In a deviation from convention, the Booker Prize for 2019 was awarded to two authors – Margaret Atwood and Bernardine Evaristo. While Atwood was awarded the prestigious award for “The Testaments,” a sequel to “A Handmaid’s Tale,” Evaristo won for her book “Girl, Woman, Other.”
And the two women have created history by winning the prize. At 79, Atwood is the oldest recipient of the award. This is her second Booker Prize – she had earlier won the award in 2000 for her work “The Blind Assassin.” Evaristo is the first black woman to have ever won the prize.
This is only the third time in the history of the Prize that two authors have been declared joint winners. As a matter of fact, the awards changed its rules in 1993 explicitly state that “the prize may not be divided or withheld” after the second two-author win.
But this time was different.

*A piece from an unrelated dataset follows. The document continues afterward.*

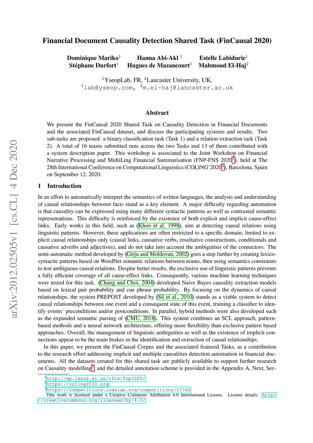 Financial Document Causality Detection Shared Task (FinCausal 2020)

And the jury admitted that they were not able to make a decision about the winner.
“Over an agonizing five hours, the 2019 Booker Prize judges discussed all of the much-loved books on their shortlist, and found it impossible to single out one winner,” said Gaby Wood, literary director of the Booker Prize Foundation, in a statement.
As a result, the prize money of 50,000 pounds will be split between the two recipients.
Lucy Ellmann, Chigozie Obioma, Salman Rushdie, and Elif Shafak made it to the shortlist of the awards.